Aufgefallen war mir das starke Ausbrennen bei den hellen Sternen bzw. das blaue Halo um sie herum, womit meine
Neugier erst einmal geweckt war. Das Teleskop, mit dem diese Aufnahme entstand, ist ohnehin zu mir unterwegs
und in einem zweiten Bericht wird über die Unterschiede zu diesem hier zu berichten sein.

@Pentax75SDHF-02.jpg

Wer mit dem Sterntest intra- und extrafokal vertraut ist, der wird sofort erkennen, ob er hier einen APO oder Halb-APO
vor sich hat. Ein APO dürfte nämlich intrafokal diesen rötlichen Farbsaum bei einem 9 mm Okular in dieser Größe nicht
aufweisen. Das wäre ein erster Hinweis auf die Farbreinheit. Das weiß natürlich die Händler-Gilde auch. Also cre-iert man
kurzerhand einen fotografischen APO, den es gar nicht gibt. Was aber soviel heißt: Ein APO ist es nicht, visuell würde
man das merken, exakt am folgenden Sterntest.

@Pentax75SDHF-03.jpg

Ein weiteres Indiz wäre der Foucault-Test. Mit dieser Vergleichstafel kann man folgende Aufnahme in etwa einordnen. Beim
Foucault-Test schneidet die Klinge das sekundäre Farb-Spektrum etwa in der Mitte ab und verteilt sie links/rechts nach
intra- und extrafokal: In unserem Fall käme Grün, Blau, Gelb auf der rechten Seite zum Vorschein, und Rot, weil viel
weiter hinten auf der linken Seite.
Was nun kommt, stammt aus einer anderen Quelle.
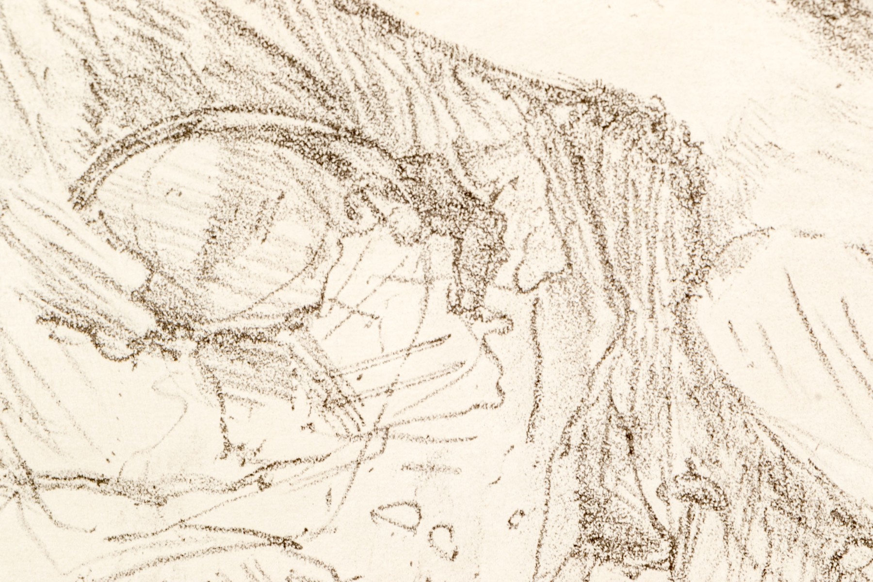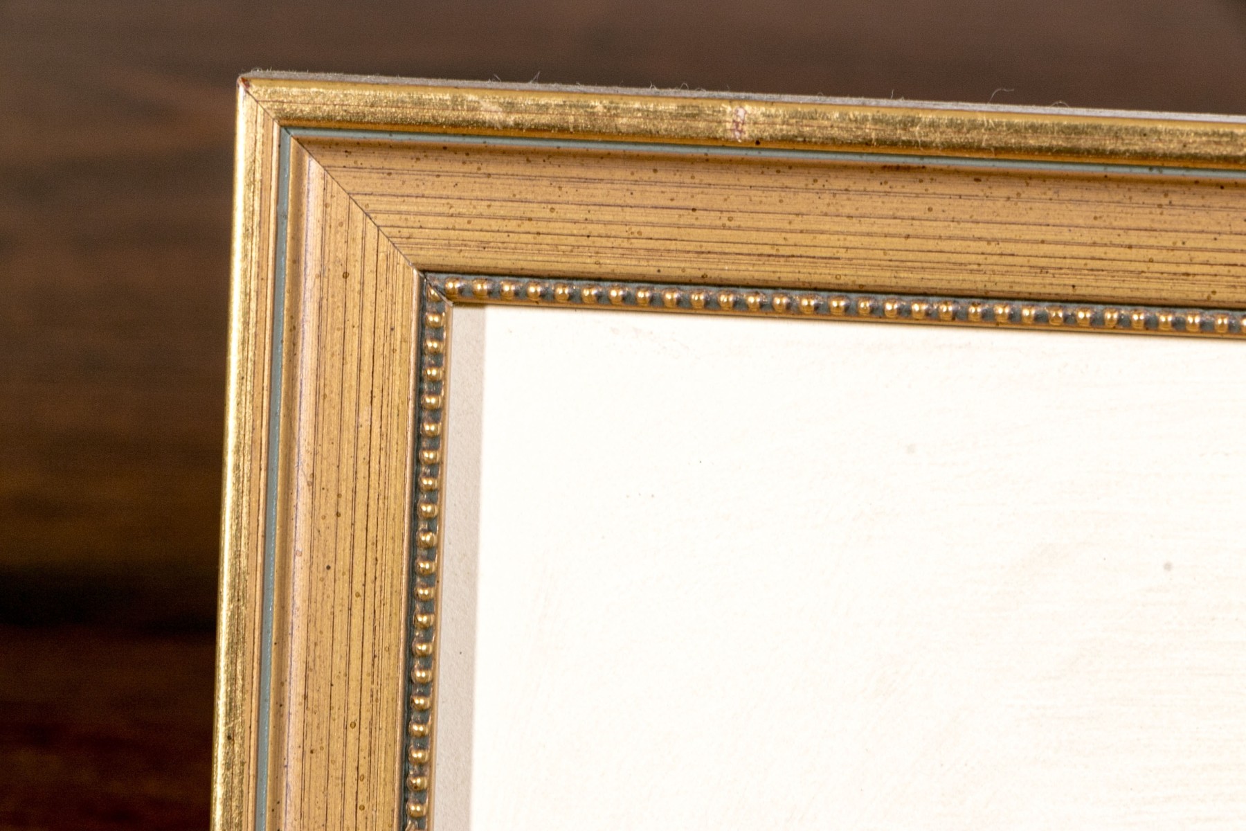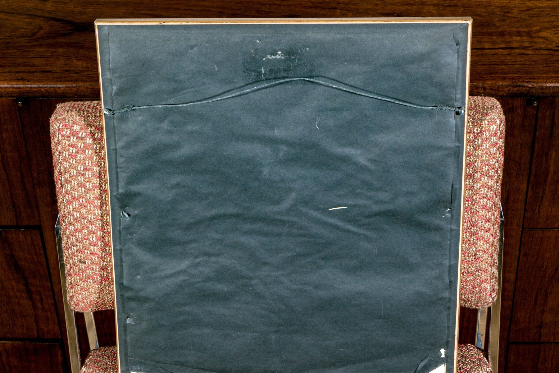 There is a chip to the lower trim edge of the frame. Additionally the backing is torn and could be re covered or re-framed for protection. Despite wear overall the work is in good form and house ready.

Eine derartig starke Abweichung hätte ein Voll-APO nicht. Noch genauer wird die
Sache allerdings, wenn man die Schnittweiten auf 0.001 mm genau ausmessen kann. Bei diesem Refraktor liegt das
Optimum im roten Bereich. Während sich im kürzeren Spektrum die Überkorrektur als Gaußfehler bemerkbar macht. Zu
erkennen über Ronchi 13 lp/mm intrafokal und über den Foucault-Test.

@Pentax75SDHF-04.jpg

Das Foucault-Bild ist über einen Zentrier-Fehler etwas gestört, beim folgenden Bild klar erkennbar, ebenso bei den nachfol
genden Interferogrammen. Dieser Fehler kostet ca. 5% Strehlpunkte.

@Pentax75SDHF-05.jpg

Die Schnittweiten-Differenz kann man auf zweifache Art bestimmen: Entweder man hängt der Back'schen APO-Definition
an, dann sollte die Abweichung bei Rot nur PV L/4 betragen, was hier offenkundig erheblich mehr ist. Oder aber man
fokussiert die Streifen entlang einer geraden Linie, dann kann man mit einer digitalen Meßuhr jeweils den Differenz-
Betrag ermitteln, wie in meinem Fall. Daraus ergibt sich dann, daß Grün, Blau, und Gelb gerade mal 40 µ vonein-
ander entfernt sind, Rot hingegen um den Faktor 4 hinter diesen Farben liegt, und damit den Begriff APO schlicht
kippt. Der Maßstab für solche Überlegungen ist jeweils die Schärfen-Tiefe, also der Bereich (bedingt durch das Airy-
scheibchen und dessen Durchmesser) in dem man das Teleskop nicht schärfer einstellen kann. In unserem Fall
48 µ. "Versaut" wird die Sache tatsächlich über das rote Spektrum mit 158 µ und jetzt stellt sich die Frage, ob man
mehr auf den roten Farbanteil fokussiert oder den grün-blau-gelben. In jedem Fall kommt es aber dann zu diesen
farblichen Auffälligkeiten, die ja Anlaß für diese Vermessung waren.

@Pentax75SDHF-06.jpg

In diesem Interferogramm steckt der Coma-Zentrierfehler, etwas Überkorrektur und etwas Astigmatismus. Die grünen Streifen
zeigen die Ideal-Map an.

@Pentax75SDHF-07.jpg

Dominierender Fehler mit ca. 5% wäre als die Coma, wie auf dem Report zu sehen. Und läßt sich möglicherweise beheben.

@Pentax75SDHF-08.jpg

Zieht man auch noch den Astigmatismus ab, dann kämen für Gelb stattliche 0.994 heraus, das könnte ein Fassungs-Problem
sein.

@Pentax75SDHF-09.jpg

Unabhängig davon hat man mit dem Pentax 75 SDHF für die Fotografie ein wunderbares Teil. Nur visuell ist es ganz
bestimmt kein APO. Und da sollten die Händler nicht mehr erzählen, als ohnehin der Hersteller-Aufdruck verrät.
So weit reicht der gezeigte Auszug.